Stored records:

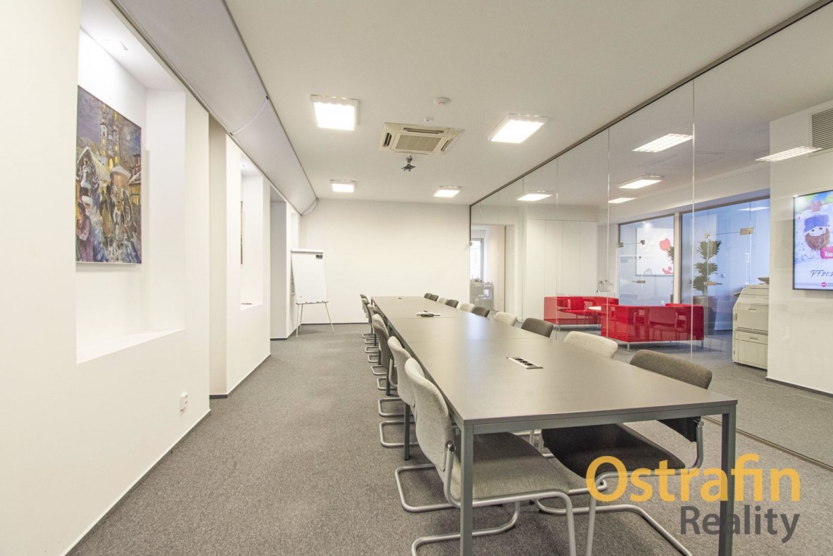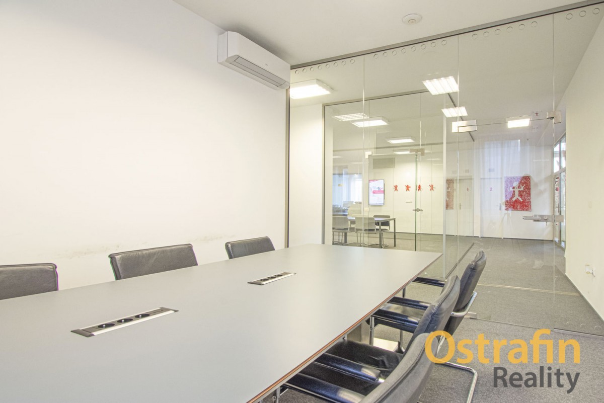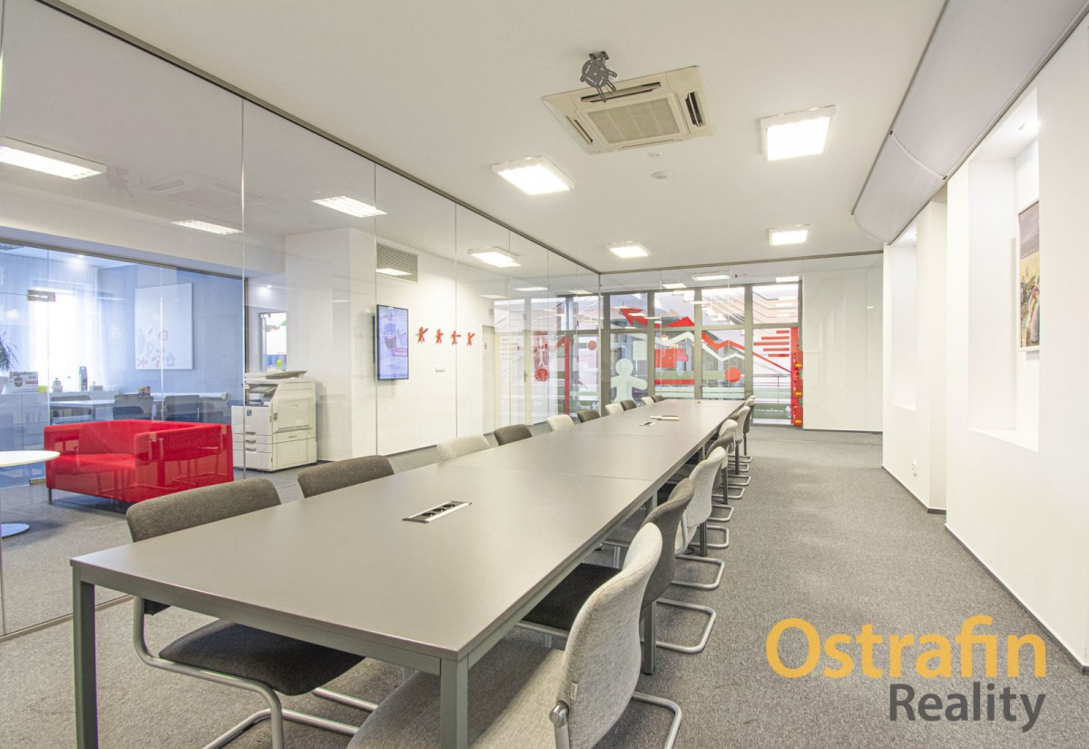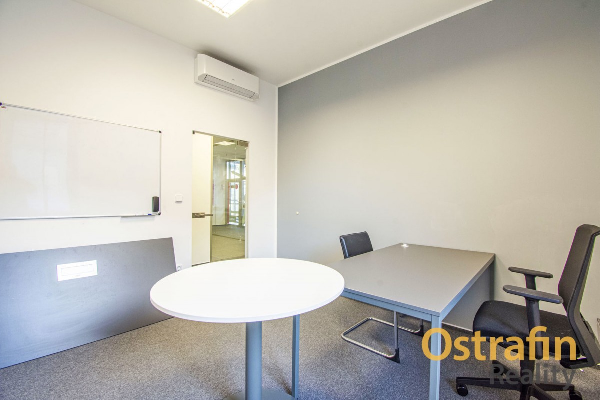 Kancelář je plně vybavena, takže Vám odpadnou starosti na pořízení nábytku. Kancelář je klimatizovaná, velká zasedací místnost je vybavena také rekuperační jednotkou.
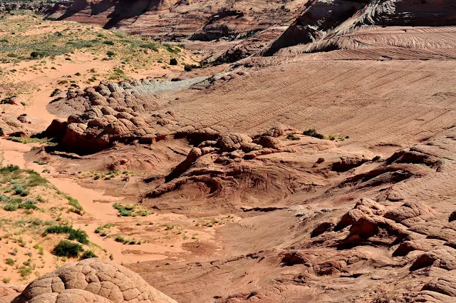 Comme nous n’avons rien trouvé nous avons déjeuné sur le parking de notre ballade suivante. Le parking de Wire Pass est déjà beaucoup plus fréquenté, au moins … 5 voitures. Nous avons déjeuné dans la voiture.
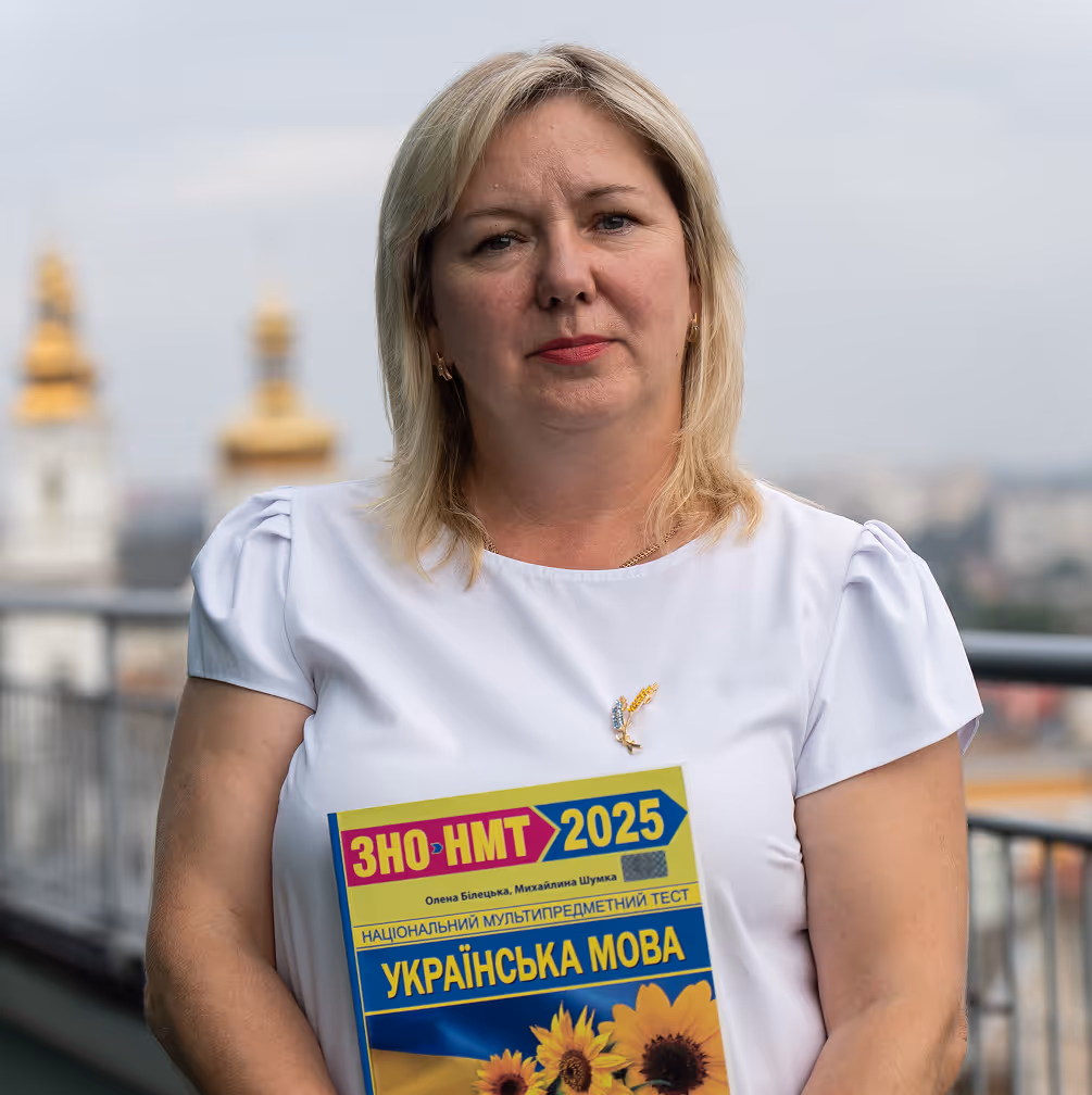 Учителька української мови з 23-річним досвідом. Підготувала понад 1100 учнів, з яких п'ятеро здобули максимальні 200 балів на НМТ. Викладає за власною методикою, яка робить навчання доступним та дружнім.
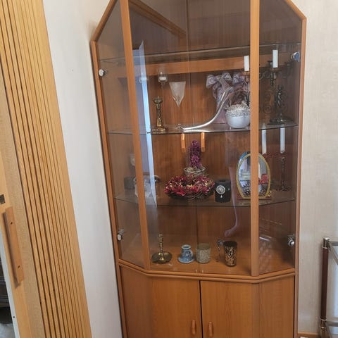 Kaunis ja ehjä lasivitriinikaappi. Nouto Maskusta.
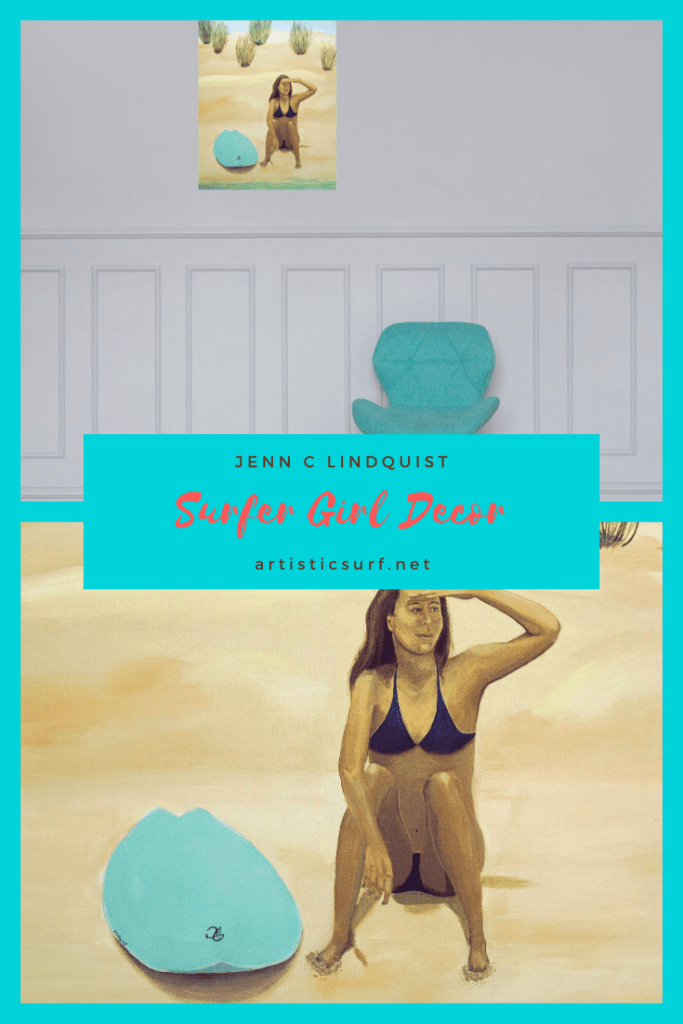 This beautiful original painting of a surfer girl sitting on the beach, watching the break will be a lovely addition of coastal decor to your beach house. Also, consider this as a gift for the surfer girl in your life.
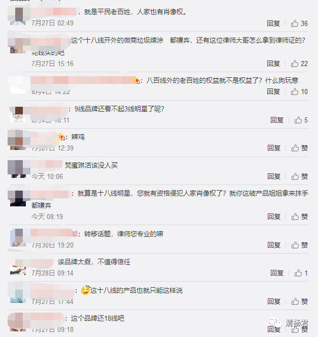 网友七:就算是十八线明星,您就有资格侵犯人家肖像权了?就你这破产品姐姐拿来抹手都嫌弃。

TASK INSTRUCTIONS: An exact copy is needed of every line from the line containing "Kaunis ja ehjä" to the last line of the records; pictures stay out of it.

WRITTEN SOLUTION:
 Kaunis ja ehjä lasivitriinikaappi. Nouto Maskusta.
 This beautiful original painting of a surfer girl sitting on the beach, watching the break will be a lovely addition of coastal decor to your beach house. Also, consider this as a gift for the surfer girl in your life.
 网友七:就算是十八线明星,您就有资格侵犯人家肖像权了?就你这破产品姐姐拿来抹手都嫌弃。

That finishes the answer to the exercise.